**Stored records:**
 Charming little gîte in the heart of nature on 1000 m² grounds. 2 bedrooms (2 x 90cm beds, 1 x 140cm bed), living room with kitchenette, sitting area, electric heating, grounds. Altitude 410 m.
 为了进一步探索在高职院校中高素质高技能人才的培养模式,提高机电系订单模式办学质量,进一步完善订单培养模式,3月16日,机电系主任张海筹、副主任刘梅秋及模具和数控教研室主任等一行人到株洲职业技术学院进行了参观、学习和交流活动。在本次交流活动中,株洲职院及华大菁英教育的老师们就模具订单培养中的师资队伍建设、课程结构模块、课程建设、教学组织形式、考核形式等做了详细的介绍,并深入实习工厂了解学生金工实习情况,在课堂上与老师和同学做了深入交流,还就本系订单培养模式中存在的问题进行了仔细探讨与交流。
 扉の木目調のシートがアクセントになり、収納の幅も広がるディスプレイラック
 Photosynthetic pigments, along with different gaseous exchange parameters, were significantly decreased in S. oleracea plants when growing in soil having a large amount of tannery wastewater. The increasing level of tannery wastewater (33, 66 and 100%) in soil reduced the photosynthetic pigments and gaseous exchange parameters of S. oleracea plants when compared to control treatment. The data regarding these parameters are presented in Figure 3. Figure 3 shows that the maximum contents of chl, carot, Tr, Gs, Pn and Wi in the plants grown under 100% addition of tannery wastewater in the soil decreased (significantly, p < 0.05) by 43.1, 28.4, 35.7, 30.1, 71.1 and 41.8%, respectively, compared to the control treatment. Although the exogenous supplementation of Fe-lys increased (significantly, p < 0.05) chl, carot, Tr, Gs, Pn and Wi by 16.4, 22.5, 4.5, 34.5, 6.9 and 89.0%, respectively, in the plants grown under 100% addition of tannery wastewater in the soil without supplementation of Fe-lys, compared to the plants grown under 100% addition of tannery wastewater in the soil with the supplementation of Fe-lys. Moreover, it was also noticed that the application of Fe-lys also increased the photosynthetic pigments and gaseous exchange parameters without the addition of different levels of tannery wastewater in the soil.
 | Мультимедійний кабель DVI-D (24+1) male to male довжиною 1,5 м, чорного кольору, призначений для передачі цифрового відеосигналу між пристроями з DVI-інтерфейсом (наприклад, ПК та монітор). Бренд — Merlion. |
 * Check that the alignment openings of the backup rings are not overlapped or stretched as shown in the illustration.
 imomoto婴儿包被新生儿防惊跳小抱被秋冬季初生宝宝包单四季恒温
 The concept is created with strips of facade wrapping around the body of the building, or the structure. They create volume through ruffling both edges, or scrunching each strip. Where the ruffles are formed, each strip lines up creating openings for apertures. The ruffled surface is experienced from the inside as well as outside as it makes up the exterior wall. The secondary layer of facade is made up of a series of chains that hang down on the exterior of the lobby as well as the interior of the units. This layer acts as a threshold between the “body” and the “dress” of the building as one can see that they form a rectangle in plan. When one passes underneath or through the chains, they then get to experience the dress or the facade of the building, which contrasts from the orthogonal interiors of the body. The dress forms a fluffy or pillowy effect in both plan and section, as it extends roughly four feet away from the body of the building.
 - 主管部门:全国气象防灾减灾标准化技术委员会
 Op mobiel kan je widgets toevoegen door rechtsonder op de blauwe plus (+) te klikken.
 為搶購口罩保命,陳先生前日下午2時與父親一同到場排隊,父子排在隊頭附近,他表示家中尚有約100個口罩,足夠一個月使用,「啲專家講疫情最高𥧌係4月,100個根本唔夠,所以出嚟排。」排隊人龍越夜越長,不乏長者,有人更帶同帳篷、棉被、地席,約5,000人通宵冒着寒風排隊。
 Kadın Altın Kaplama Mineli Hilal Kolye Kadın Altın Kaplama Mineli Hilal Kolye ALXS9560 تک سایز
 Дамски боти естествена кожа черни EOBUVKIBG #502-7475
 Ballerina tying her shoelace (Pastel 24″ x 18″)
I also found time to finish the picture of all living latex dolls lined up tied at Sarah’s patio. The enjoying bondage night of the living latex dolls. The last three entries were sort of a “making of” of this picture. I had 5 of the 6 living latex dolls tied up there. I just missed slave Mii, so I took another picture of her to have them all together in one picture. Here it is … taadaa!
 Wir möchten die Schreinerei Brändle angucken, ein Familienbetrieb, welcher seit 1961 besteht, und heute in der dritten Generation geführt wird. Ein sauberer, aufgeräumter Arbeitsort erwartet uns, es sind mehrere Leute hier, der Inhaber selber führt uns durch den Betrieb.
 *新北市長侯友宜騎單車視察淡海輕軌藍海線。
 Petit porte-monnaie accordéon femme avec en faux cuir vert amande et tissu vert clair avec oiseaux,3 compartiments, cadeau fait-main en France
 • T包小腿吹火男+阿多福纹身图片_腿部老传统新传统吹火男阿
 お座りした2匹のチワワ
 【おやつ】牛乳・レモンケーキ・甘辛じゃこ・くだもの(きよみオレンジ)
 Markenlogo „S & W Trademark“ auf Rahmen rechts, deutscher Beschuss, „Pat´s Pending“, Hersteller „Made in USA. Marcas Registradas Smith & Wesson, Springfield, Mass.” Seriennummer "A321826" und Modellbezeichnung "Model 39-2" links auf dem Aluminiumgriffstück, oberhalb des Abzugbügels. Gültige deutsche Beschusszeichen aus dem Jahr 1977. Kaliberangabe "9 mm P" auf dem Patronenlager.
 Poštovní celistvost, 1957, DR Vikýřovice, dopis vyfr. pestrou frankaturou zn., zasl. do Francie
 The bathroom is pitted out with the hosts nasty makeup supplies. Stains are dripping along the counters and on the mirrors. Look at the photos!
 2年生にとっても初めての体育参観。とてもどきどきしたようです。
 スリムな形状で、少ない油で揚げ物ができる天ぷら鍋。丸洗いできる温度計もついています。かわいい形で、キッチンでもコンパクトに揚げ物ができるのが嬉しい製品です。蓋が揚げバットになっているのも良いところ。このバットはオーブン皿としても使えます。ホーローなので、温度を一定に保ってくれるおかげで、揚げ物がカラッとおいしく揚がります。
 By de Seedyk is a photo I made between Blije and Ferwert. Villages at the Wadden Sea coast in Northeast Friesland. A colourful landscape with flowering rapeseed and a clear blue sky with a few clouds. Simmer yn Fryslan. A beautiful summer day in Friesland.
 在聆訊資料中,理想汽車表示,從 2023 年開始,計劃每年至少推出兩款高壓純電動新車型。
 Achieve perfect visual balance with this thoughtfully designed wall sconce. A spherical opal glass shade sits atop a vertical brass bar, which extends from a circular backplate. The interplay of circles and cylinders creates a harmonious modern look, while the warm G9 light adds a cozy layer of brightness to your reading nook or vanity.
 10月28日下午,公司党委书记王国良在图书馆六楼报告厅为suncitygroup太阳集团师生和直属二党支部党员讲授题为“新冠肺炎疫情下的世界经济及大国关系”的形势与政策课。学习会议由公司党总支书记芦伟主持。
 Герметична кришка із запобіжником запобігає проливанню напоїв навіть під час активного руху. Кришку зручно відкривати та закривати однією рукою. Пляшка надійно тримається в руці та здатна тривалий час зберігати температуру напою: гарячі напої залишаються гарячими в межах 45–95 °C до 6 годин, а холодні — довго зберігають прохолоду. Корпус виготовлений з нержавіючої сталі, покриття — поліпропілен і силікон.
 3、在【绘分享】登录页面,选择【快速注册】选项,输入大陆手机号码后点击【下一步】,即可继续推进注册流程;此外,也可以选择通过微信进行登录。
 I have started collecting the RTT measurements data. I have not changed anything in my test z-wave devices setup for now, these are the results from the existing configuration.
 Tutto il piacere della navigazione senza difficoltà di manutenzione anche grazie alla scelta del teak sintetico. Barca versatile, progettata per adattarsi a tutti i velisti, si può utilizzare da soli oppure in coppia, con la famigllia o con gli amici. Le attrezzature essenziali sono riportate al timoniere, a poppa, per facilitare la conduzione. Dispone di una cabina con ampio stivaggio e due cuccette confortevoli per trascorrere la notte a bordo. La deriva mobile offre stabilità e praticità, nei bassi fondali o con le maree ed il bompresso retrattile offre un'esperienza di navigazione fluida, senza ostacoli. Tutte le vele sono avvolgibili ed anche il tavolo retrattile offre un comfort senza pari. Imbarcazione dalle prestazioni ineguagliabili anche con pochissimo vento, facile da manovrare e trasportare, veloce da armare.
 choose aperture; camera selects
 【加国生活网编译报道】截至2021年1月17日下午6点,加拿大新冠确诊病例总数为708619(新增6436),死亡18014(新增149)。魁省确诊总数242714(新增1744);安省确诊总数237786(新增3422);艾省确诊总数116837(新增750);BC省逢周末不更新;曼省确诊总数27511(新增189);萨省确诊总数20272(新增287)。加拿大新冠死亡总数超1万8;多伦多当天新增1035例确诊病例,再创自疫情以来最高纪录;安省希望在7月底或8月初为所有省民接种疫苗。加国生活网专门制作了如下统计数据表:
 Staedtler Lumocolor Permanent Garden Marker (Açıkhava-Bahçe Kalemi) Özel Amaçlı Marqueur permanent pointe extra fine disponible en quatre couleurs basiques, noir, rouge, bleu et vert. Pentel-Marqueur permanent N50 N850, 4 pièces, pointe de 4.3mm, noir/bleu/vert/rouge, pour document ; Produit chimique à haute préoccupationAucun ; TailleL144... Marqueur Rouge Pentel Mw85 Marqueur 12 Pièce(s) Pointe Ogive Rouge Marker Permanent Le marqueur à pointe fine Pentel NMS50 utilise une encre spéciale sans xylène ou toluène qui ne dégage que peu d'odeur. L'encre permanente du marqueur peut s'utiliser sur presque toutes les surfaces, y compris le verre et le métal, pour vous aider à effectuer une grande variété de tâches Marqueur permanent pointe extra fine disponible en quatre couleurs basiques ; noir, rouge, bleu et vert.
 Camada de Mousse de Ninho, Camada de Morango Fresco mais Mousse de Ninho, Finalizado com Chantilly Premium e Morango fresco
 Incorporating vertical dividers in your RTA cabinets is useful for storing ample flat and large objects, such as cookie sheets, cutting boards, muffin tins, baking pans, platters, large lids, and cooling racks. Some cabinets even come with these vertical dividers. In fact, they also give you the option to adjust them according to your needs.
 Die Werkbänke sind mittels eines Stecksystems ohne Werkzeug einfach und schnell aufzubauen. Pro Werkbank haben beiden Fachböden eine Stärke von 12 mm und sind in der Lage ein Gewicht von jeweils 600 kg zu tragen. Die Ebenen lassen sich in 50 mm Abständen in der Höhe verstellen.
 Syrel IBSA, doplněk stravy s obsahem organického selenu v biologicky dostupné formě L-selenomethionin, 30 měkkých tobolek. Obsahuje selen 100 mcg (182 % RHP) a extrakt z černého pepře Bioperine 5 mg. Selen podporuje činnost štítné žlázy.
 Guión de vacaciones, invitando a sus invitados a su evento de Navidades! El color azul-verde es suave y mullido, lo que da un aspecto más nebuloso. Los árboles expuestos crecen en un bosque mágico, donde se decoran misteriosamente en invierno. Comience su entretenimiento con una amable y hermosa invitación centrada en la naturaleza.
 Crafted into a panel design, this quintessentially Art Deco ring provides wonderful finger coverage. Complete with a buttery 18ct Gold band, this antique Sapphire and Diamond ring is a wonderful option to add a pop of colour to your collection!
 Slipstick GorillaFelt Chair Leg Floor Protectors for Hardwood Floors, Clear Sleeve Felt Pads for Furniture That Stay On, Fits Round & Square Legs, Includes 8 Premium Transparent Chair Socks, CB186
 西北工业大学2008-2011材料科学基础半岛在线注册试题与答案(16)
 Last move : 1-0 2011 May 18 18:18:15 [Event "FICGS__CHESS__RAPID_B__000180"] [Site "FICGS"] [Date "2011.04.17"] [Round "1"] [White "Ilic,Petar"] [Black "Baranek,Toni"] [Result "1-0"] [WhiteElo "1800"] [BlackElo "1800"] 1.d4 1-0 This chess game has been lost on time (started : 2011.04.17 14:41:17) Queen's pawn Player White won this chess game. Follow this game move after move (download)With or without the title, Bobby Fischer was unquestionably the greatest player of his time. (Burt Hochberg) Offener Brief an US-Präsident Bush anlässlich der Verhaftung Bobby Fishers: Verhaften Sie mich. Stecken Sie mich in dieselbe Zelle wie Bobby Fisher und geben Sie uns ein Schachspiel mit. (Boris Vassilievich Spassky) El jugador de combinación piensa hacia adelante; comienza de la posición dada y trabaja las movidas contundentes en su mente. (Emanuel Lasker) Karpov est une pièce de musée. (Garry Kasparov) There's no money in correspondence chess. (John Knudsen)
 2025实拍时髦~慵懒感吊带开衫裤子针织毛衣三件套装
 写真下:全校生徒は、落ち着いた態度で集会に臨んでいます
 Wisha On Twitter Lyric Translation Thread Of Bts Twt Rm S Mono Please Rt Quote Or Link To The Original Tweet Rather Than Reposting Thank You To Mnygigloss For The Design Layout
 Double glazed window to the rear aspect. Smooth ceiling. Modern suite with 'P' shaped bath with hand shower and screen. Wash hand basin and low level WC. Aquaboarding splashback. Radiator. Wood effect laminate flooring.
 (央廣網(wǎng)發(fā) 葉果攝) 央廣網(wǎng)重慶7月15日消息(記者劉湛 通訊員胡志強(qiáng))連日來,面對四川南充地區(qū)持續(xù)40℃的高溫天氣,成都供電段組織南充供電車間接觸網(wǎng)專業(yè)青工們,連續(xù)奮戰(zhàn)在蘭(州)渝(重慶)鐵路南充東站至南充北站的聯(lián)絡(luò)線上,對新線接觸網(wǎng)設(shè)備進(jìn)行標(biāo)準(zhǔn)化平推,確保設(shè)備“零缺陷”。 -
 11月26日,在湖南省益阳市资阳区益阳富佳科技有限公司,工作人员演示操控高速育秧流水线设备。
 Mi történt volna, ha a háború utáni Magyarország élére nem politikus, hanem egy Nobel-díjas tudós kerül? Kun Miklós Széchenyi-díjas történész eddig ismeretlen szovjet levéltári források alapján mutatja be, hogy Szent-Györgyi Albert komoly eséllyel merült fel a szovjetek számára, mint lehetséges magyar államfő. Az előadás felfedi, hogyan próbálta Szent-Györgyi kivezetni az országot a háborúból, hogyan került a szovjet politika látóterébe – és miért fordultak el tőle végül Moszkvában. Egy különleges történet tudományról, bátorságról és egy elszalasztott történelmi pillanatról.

**The problem:** Beginning with the line that has "(央廣網(wǎng)發(fā) 葉果攝) 央廣網(wǎng)重慶7月15日消息(記者劉湛", set down every line of the entries above through the final one, unchanged.

**Response to the task:**
 (央廣網(wǎng)發(fā) 葉果攝) 央廣網(wǎng)重慶7月15日消息(記者劉湛 通訊員胡志強(qiáng))連日來,面對四川南充地區(qū)持續(xù)40℃的高溫天氣,成都供電段組織南充供電車間接觸網(wǎng)專業(yè)青工們,連續(xù)奮戰(zhàn)在蘭(州)渝(重慶)鐵路南充東站至南充北站的聯(lián)絡(luò)線上,對新線接觸網(wǎng)設(shè)備進(jìn)行標(biāo)準(zhǔn)化平推,確保設(shè)備“零缺陷”。 -
 11月26日,在湖南省益阳市资阳区益阳富佳科技有限公司,工作人员演示操控高速育秧流水线设备。
 Mi történt volna, ha a háború utáni Magyarország élére nem politikus, hanem egy Nobel-díjas tudós kerül? Kun Miklós Széchenyi-díjas történész eddig ismeretlen szovjet levéltári források alapján mutatja be, hogy Szent-Györgyi Albert komoly eséllyel merült fel a szovjetek számára, mint lehetséges magyar államfő. Az előadás felfedi, hogyan próbálta Szent-Györgyi kivezetni az országot a háborúból, hogyan került a szovjet politika látóterébe – és miért fordultak el tőle végül Moszkvában. Egy különleges történet tudományról, bátorságról és egy elszalasztott történelmi pillanatról.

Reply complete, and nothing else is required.